Foto:
Angka: Peningkatan Koefisien Kecernaan dari beberapa bahan (%) (BSFL: Makanan larva lalat tentara hitam; SCP: Protein sel Tunggal) (Data Internah Jefo)
Tepung ikan telah lama menjadi bahan pokok dalam formulasi pakan budidaya karena kandungan proteinnya yang tinggi dan profil asam aminonya yang seimbang. Namun, kini semakin sulit mendapatkan tepung ikan yang berkualitas tinggi dengan di sisi lain harganya kian melonjak.
Sehingga, muncul kebutuhan mendesak untuk menemukan alternatif pakan lebih efisien dan berkelanjutan. Dua strategi utama yang dapat diadopsi adalah pengurangan penggunaan tepung ikan serta penerapan pola makan hemat protein.
Sumber Protein Alternatif
Dikutip oleh Tran-Ngoc dkk (2019), pada ikan, pengurangan tepung ikan dan kompensasi dari sumber protein lain sedang menghadapi tantangan dalam kecernaan protein. Sedangkan menurut kutipan Vieira et al (2022), tantangan ini makin diperparah ketika sumber protein pengganti, terutama yang berasal dari tumbuhan memiliki kecernaan lebih rendah dibandingkan dengan tepung ikan yang berkualitas tinggi. Kandungan protein dan profil asam amino esensial dari bahan alternatif ini harus diukur dengan baik untuk memastikan terpenuhinya kebutuhan nutrisi spesifik setiap spesies.

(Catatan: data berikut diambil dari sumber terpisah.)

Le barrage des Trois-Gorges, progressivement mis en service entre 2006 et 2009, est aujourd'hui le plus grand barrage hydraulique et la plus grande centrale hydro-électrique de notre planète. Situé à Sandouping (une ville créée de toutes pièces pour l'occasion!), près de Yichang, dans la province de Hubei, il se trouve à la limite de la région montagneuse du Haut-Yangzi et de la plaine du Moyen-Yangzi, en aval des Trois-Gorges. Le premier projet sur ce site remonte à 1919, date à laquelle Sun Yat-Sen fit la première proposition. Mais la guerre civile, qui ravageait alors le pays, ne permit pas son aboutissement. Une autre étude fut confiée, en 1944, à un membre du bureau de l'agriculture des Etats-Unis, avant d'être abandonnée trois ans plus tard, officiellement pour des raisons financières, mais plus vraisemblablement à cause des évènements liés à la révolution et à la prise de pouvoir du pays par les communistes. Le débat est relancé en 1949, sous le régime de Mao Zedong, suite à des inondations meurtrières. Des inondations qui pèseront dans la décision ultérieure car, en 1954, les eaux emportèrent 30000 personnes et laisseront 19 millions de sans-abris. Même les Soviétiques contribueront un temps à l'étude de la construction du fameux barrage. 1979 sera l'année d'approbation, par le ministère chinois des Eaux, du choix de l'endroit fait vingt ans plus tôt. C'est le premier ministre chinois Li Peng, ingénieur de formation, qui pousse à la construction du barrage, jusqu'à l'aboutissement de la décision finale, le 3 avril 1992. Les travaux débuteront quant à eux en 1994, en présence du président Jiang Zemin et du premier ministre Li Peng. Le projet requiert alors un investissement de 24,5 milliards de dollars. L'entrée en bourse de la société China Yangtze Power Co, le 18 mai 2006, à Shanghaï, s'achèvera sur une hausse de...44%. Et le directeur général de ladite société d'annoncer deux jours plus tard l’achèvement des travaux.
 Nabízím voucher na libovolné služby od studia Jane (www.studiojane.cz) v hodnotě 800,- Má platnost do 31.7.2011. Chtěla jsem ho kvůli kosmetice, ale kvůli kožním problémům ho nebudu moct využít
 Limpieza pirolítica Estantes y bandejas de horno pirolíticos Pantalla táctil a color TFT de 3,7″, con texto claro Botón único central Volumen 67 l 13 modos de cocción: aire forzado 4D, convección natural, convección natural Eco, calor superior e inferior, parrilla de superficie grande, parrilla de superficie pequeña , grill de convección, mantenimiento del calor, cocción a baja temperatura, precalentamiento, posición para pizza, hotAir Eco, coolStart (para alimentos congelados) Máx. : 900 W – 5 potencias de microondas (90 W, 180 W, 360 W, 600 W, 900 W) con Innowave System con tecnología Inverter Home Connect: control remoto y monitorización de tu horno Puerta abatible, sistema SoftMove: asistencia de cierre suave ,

Disamping itu, protease, enzim yang memecah protein menjadi peptida lebih kecil, menjadi solusi dalam meningkatkan kecernaan protein dari sumber alternatif. Studi menunjukkan bahwa dengan menambahkan protease, kecernaan protein dalam pakan dapat meningkat secara signifikan.
Misalnya, pada ikan rainbow trout, protease dapat meningkatkan kecernaan protein dari bungkil kedelai dan kanola masing-masing sebesar 3,5% dan 6,3% (Lee et al, 2020). Selain itu, penggunaan protease juga telah terbukti meningkatkan kecernaan protein dari bahan hewani seperti tepung bulu dan tepung unggas, yang umumnya memiliki daya cerna lebih rendah.
Penerapan protease dalam pakan akuakultur telah menunjukkan hasil yang menjanjikan dalam mempertahankan performa pertumbuhan hewan akuatik meskipun terjadi pengurangan penggunaan tepung ikan. Contohnya, pada pakan udang, protease memungkinkan pengurangan tepung ikan hingga 40% tanpa mengorbankan performa pertumbuhan. Penggantian sebagian bahan pakan seperti bungkil kedelai dengan bungkil kanola pada pakan ikan pangasius juga berhasil menurunkan biaya formulasi tanpa mengurangi kualitas pakan.
Di tengah tantangan ekonomi yang semakin berat, industri pakan akuakultur kini beralih ke pola makan hemat protein. Dengan mengoptimalkan bahan baku dan menambahkan protease, pakan dengan kadar protein yang lebih rendah dapat tetap menjaga performa pertumbuhan tetap optimal. Sebagai contoh, pada udang putih, pengurangan kadar tepung ikan dari 10% menjadi 5% dalam pakan berhasil dipertahankan tanpa mengorbankan pertumbuhan dan efisiensi pemberian pakan (Jefo, data internal).
Protease telah terbukti menjadi alat yang efektif dalam mengoptimalkan penggunaan protein alternatif, membantu menurunkan biaya formulasi pakan, serta mendukung keberlanjutan industri akuakultur. Dengan menurunkan ketergantungan pada tepung ikan berkualitas tinggi dan memanfaatkan sumber protein alternatif, sektor akuakultur dapat terus berkembang meskipun di tengah tantangan yang penuh ketidakpastian.